Evergreen Seismic recently completed an earthquake retrofit on our home. We chose the company in part because of great online reviews and we were not disappointed. Matt clearly explained the entire process and patiently responded to all of our questions. The work went smoothly and efficiently, was completed ahead of schedule, and the daily cleanup was amazing. Most importantly (for us anyway), the person who sold us on the job (Matt) was also part of the working crew. I wholeheartedly recommend Evergreen Seismic for earthquake retrofitting. From start to finish, this was by far the smoothest construction job we have experienced during the twenty years that we have lived in our home.

We used Evergreen Seismic to do an earthquake retrofit on our 1979 build home in Kent, WA based upon great customer reviews. We were not disappointed! Matt and his crew were very professional and showed up as promised. We were promptly informed when on one occasion they were a bit late due to traffic congestion. The work was performed to our satisfaction. The daily cleanup was impeccable. Matt was able to answer all questions that the inspector asked to his satisfaction. The Company actually went over and above what the structural analysis indicated was needed (additional bracing was installed). The majority of the retrofit was done on the exterior of the house in pouring rain! However, to our amazement, this did not in any way slow down the crew! A truly professional Company. We can recommend Evergreen Seismic without any hesitation.

Exceptional service from Evergreen Seismic. I met Matt at an info session on seismic retrofitting hosted by the city of Seattle. It took me a year or so to reach out to him. I was impressed form the start. Matt was more than willing to coach me on doing the project myself, if I wanted to take it on. But in given the complexity of our project, I preferred to hire Matt and his crew. They did a great job, and even did some prep that I was supposed to do but couldn't because of a recent back injury. Very straightforward, informative, and considerate service. I'd hire Matt again without hesitation.

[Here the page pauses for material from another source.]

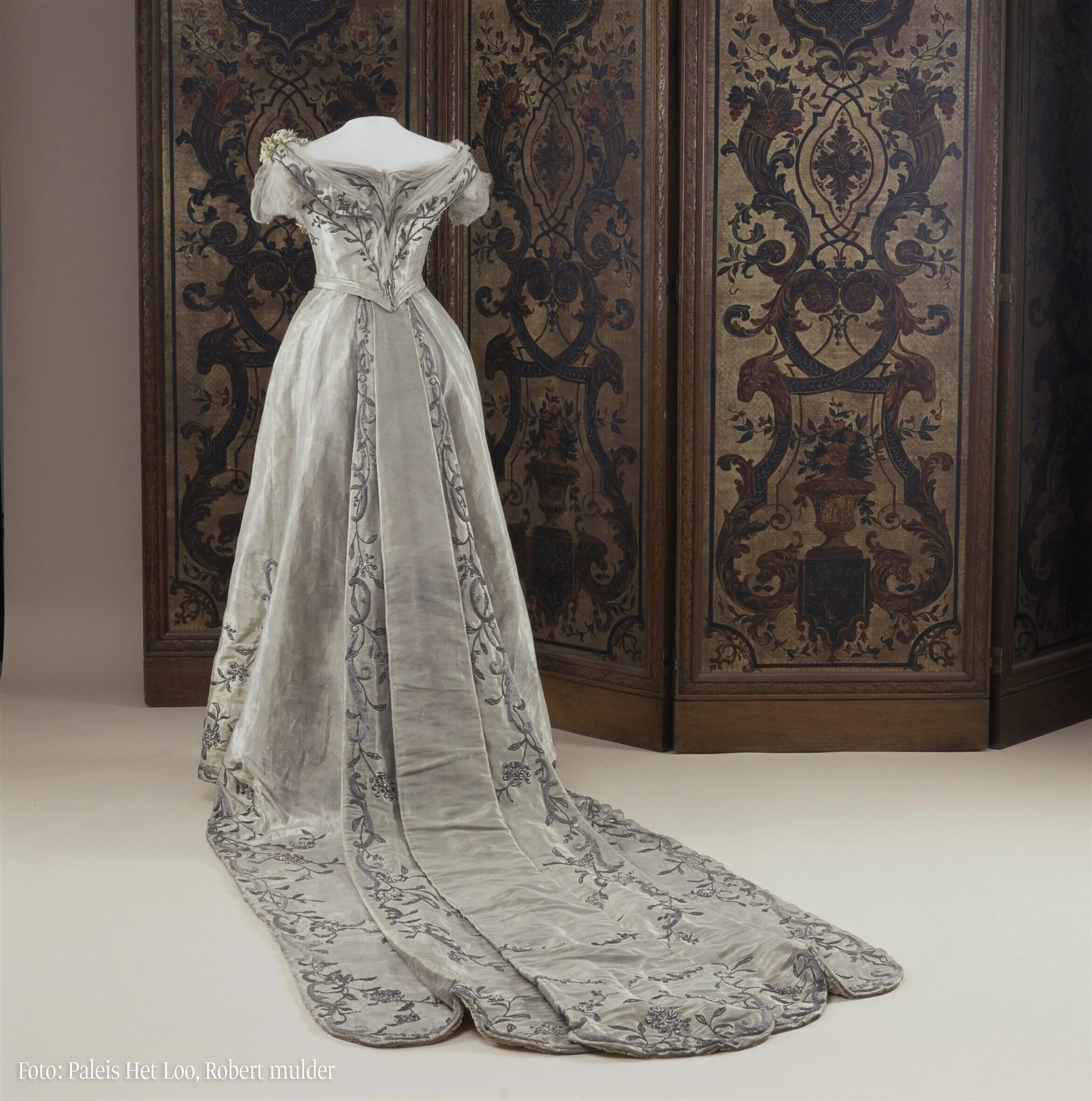 De trend van witte bruidsjurken waaide niet direct over naar Nederland. Voor het huwelijk van koningin Wilhelmina met prins Hendrik op 7 februari 1901 koos de bruid namelijk niet voor wit, maar voor een zilverkleur. De jurk is gemaakt van zilverlamé zijde en heeft borduursels met gouddraad, zilverdraad en glasparels. Een detail dat bij beide koninginnen op de jurk te zien is, is de oranjebloesem. Die symboliek is verweven door de historische verbintenis tussen beide koningshuizen.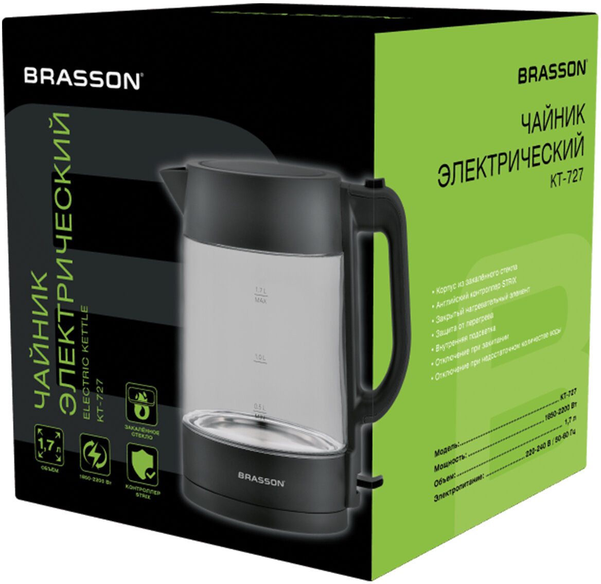 Электрический чайник Brasson KT-727 превратит рутинное кипячение воды в приятный и безопасный процесс. Современный дизайн и отличная функциональность делают его незаменимым помощником на каждой кухне. Мощность прибора составляет 2200 Вт, что позволит воде закипеть за считанные минуты. На ручке чайника находится кнопка открывания, что делает удобнее его эксплуатацию. Корпус изготовлен из термостойкого стекла. Скрытый нагревательный элемент увеличит срок службы. Индикатор уровня воды позволит с легкостью определить количество воды в чайнике.

Matt did the seismic retrofit of our single-family residence back in January when we were finishing our basement. I cannot speak highly enough of him and Evergreen Seismic. Matt has undoubtedly been one of the best contractors we've worked with. He's an excellent communicator and really goes above and beyond on all fronts. He does what he says he's going to do, when he says he's going to do it, and finishes when he says he's going to finish, all at an extremely competitive price. He's knowledgeable of seismic retrofitting and has a very streamlined process nailed down. If you are thinking of doing a seismic retrofit, Evergreen Seismic is DEFINITELY the way to go!